Pond kan stagflatie voorlopig nog aan

De Bank of England leverde begin februari een somber verslag af. Ze verlaagde op de monetaire beleidsvergadering de rente met 25 bpn tot 4.5% maar drukte tegelijkertijd het enthousiasme voor toekomstige verminderingen. Om de verkeerde redenen, helaas. Hoewel de Britse economische groei niet vies zou zijn van een duwtje in de rug, bindt onverwacht kleverige inflatie de handen van de BoE. De centrale bank zegt het niet met zoveel woorden maar tussen de lijnen van de beleidsverklaring door lezen we groeiende vrees voor stagflatie: een toxische combinatie van zwakke groei en (te) hoge inflatie.

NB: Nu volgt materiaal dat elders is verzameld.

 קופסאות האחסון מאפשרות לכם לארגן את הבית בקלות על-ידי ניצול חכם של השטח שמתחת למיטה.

In de weken na die boodschap vanuit Threadneedle Street volgde een uitgebreide economische update. Die begon met de vierdekwartaal groeicijfers. De 0.1% kw/kw expansie overtrof de verwachtingen voor een krimp van dezelfde grootteorde. De details overtuigden echter niet, de beperkte groei kwam namelijk op conto van de overheid. Bedrijven hielden de vinger op de knip (-0.9% kw/kw). De consument (stagnatie) was evenmin op de afspraak. De sterke omzetcijfers voor januari uit de Britse kleinhandel van eind vorige week zijn wat dat laatste betreft een magere troost. Ze compenseren voor een zwakke maand december. In het bredere perspectief van de afgelopen drie jaar stegen de verkochte volumes (maand op maand) trouwens in slechts 13 van de 36 maanden.

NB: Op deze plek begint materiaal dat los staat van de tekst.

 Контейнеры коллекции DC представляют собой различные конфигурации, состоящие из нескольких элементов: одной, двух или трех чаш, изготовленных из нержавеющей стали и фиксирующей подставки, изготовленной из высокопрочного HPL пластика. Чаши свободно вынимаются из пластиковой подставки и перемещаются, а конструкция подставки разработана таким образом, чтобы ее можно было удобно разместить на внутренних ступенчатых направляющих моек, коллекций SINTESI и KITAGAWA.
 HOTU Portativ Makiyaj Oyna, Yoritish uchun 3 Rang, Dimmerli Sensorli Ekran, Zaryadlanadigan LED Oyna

Het Britse arbeidsmarktrapport was dan weer zonder meer sterk maar mist soortelijk gewicht omwille van inmiddels al erg lang aanslepende statistische meetproblemen. Belangrijke vooroplopende indicatoren zenden trouwens tegenovergestelde signalen uit. Volgens de PMI-indicatoren van vorige week danken bedrijven personeel af aan het snelste tempo sinds de financiële crisis, de pandemiemaanden buiten beschouwing gelaten. Diezelfde PMI’s suggereren bovendien een ter plaatse trappelende economie en …
Oplopende inflatie. Het gaat om de rapste prijsstijging sinds mei 2023, onder druk van de lonen en ter compensatie van de belastingimpact van de begroting. Inflatiecijfers van vorige week lieten voor de maand januari een versnelling van 2.8% tot 3% optekenen. De afnemer van de PMI-enquête voorspelt dat die stijgende trend zich de komende maanden doorzet. De Bank of England zelf gaat uit van bijna 4% in 2025kw3. Kerninflatie (3.7%) toont de laatste maanden nog amper tekenen van afkoeling, wel integendeel, terwijl prijzen in de loongevoelige dienstensector dubbel zo snel stijgen (5%) als vóór de pandemie.

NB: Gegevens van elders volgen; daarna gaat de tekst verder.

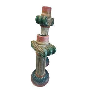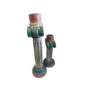 Vintage Pier 1 Pink Green Hand Painted Aztec Pillar Candlestick Holder Pair 13"

Het Verenigd Koninkrijk ruikt steeds meer naar stagflatie. Dat besluit het PMI-onderzoeksbureau trouwens ook. Het is het slechtste van twee werelden. En toch … EUR/GBP handelt na een sterke jaarstart en sinds de cijfers ondertussen opnieuw in de buurt van de meerjarige bodems. Het is mogelijk dat de focus van de Britse markt, in tegenstelling tot de Amerikaanse, vooral ligt op het inflatiegedeelte en (nog?) niet op de groeikant van de vergelijking. De geldmarkt rekent inderdaad op amper twee bijkomende renteverminderingen voor dit jaar. De voorlopige, zwakke jaarbalans van het pond tegenover de meeste andere belangrijke munten suggereert echter dat de beweging vooral ingegeven is door EUR-zwakte dan GBP-sterkte. Dat kan zo nog even blijven in een context waar de grootste euforie rond een einde van de oorlog tussen Rusland en Oekraïne inmiddels ging liggen en het Amerikaans handelsbeleid weer meer in beeld komt. President Trump liet zich gisteren een heffing van 25% ontglippen op zowat alle Europese producten. Het Verenigd Koninkrijk en het pond zijn op dat vlak minder kwetsbaar. “We geraken er wel uit”, aldus Trump over het beperkte Britse handelsoverschot.